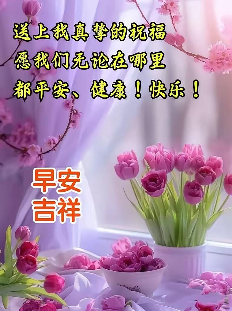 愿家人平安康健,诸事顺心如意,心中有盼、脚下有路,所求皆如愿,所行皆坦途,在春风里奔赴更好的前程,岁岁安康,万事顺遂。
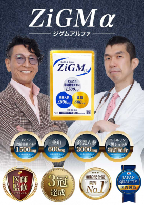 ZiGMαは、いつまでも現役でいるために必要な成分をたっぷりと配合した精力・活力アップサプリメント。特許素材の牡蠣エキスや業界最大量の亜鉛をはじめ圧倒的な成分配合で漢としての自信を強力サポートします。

──────────────────────────────

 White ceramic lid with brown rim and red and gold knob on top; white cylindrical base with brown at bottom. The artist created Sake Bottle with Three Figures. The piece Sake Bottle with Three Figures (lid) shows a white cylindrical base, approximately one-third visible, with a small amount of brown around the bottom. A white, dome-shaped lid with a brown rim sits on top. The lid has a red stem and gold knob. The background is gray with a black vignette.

──────────────────────────────

**About this exercise**
Copy the lines above exactly, starting with the line that contains "愿家人平安康健,诸事顺心如意" and ending with the line that contains "ZiGMαは、いつまでも現役", and leave out any pictures.

**Result of this exercise**
 愿家人平安康健,诸事顺心如意,心中有盼、脚下有路,所求皆如愿,所行皆坦途,在春风里奔赴更好的前程,岁岁安康,万事顺遂。
 ZiGMαは、いつまでも現役でいるために必要な成分をたっぷりと配合した精力・活力アップサプリメント。特許素材の牡蠣エキスや業界最大量の亜鉛をはじめ圧倒的な成分配合で漢としての自信を強力サポートします。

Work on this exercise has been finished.